Australia adds YouTube to social media ban for under 16s
Australia is banning YouTube for children under 16, widening the scope of a landmark social media law that aims to protect teenagers from harmful content online.
“Young people under the age of 16 will not be able to have accounts on YouTube,” Prime Minister Anthony Albanese announced on Wednesday.
The Alphabet-owned video-sharing platform had been previously granted an exemption due its popularity with teachers.
Last year, Australia was the first country to propose a ban on social media for teenagers.
Sites covered by the ban, such as Meta’s Facebook and Instagram, Snapchat and TikTok, have protested the proposed ban.
Why is Australia now banning YouTube?
Australia reversed its decision to spare YouTube from the banned list of social media sites for those under 16 after the country’s internet regulator highlighted a survey showing 37% of minors reported harmful content on the site.
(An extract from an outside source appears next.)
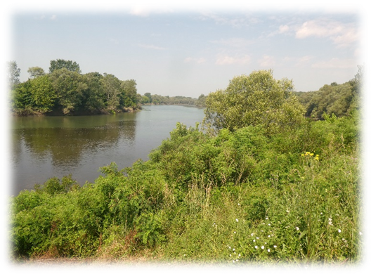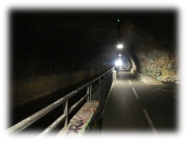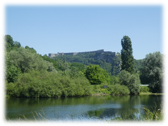 It was a very hot day in and there was not much shade. By the time we came in sight of the town fortifications high above we were ready to stop and were thankful for the tunnel which cut off the loop in the river and took us under the castle and into the town.
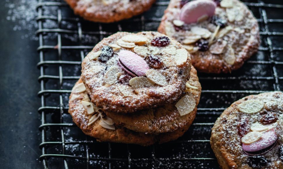 Le jour même, préchauffez le four à 180 °C (th. 6). Formez 10 boules avec la pâte. Étalez la pâte en couche mince à l’aide d’un rouleau à pâtisserie et disposez-la sur une plaque généreusement beurrée. Affinez la pâte à la main, puis couvrez d’amandes effilées et de pignons. Ajoutez une bonne pincée de grains d’anis et une dragée sur chaque fougasse. Faites cuire sans ventilation pendant 15 à 20 min. Soulevez la fougasse avec une spatule pour vérifier la cuisson. Saupoudrez de sucre glace et servez froid.

“We want kids to know who they are before platforms assume who they are,” Communications Minister Anika Wells said in a statement.
“There’s a place for social media, but there’s not a place for predatory algorithms targeting children.” she added.
How has YouTube reacted?
A YouTube spokesperson said in a statement that YouTube is “not social media”.
“We share the government’s goal of addressing and reducing online harms. Our position remains clear: YouTube is a video sharing platform with a library of free, high-quality content, increasingly viewed on TV screens. It’s not social media,” the statement said.
“The government’s announcement today reverses a clear, public commitment to exclude YouTube from this ban. We will consider next steps and will continue to engage with the government.”
Wednesday’s decision could also be the start of a fresh dispute with Alphabet, which threatened to pull back some Google services from Australia in 2021 in response to a law forcing it to pay news outlets for content appearing in searches.
What is Australia’s teen social media ban?
In November 2024, Albanese’s government introduced a bill to ban social media for children under 16.
The law is slated to come into effect on December 10, 2025.
How will Australia enforce its under-16s social media ban?
Social media giants face fines of up to 49.5 million Australian dollars (€27 million) for failing to impose the restrictions.
“Social media have a social responsibility and there is no doubt that Australian kids are being negatively impacted by online platforms, so I’m calling time on it,” Albanese said on Wednesday.
“I want Australian parents to know that we have their backs.”